Als während des Krieges das Filmmaterial des Ungarischen Filmbüros ausging, erhielt Simonyi den Auftrag, von den deutschen Kollegen Rohmaterial für weitere Filmproduktionen zu besorgen. Deshalb reiste sie im April 1943 nach Deutschland, wo sie in Berlin, Stuttgart, München und schließlich in Wien eine Vortragsreihe über den ungarischen Kulturfilm hielt. Als sie ihre Rückreise nach Ungarn antrat, war das angeforderte Filmmaterial schon auf dem Weg nach Budapest. So konnte die Filmproduktion im Ungarischen Filmbüro vorläufig aufrecht erhalten werden.

Bei dieser Deutschlandreise lernte Simonyi auch Leni Riefenstahl kennen, die sie für den Film Olympia bewunderte und der sie bei einem privaten Treffen in deren Villa ihren Film Vom Balken bis zur Geige vorführen durfte.

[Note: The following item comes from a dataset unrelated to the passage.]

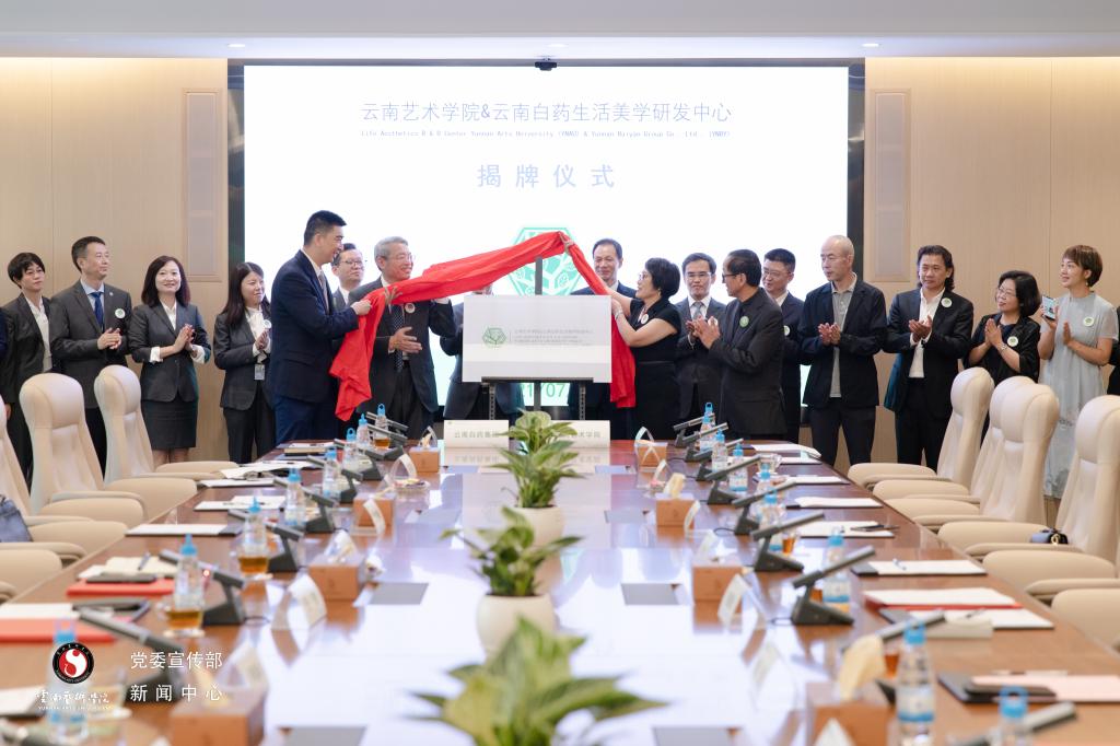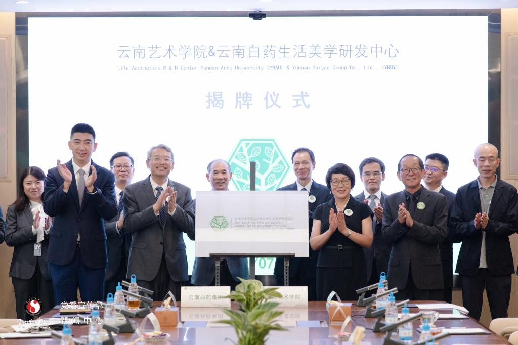 黄雁玲书记、郭浩院长和云南白药汪戎书记、首席执行官董明先生为中心揭牌。仪式上,陈劲松副院长代表美学中心发言,他指出,该中心将作为美学研究设计、校企合作实践、人才培养模式改革的平台,承担学术创新、人才培养、企业项目设计及文化建设提升等功能,积极推进生活美学和大健康产业的融合发展,在“绿色食品”“健康生活目的地”“新生活美学”等产业领域有新布局、新突破。

In den zerbombten deutschen Städten sah sie das Ausmaß der Zerstörung mit ihren eigenen Augen. Sie schreibt in ihren Erinnerungen: „Mein Aufenthalt wurde von der Neurose nach Stalingrad geprägt. Plötzlich sah ich den Krieg. Am Anfang war ich mit dem Filmemachen so beschäftigt, dass ich ihn kaum zur Kenntnis nahm, aber jetzt ging er unter meine Haut mit all den Grausamkeiten, mit seiner Sinnlosigkeit und seiner Zerstörung.”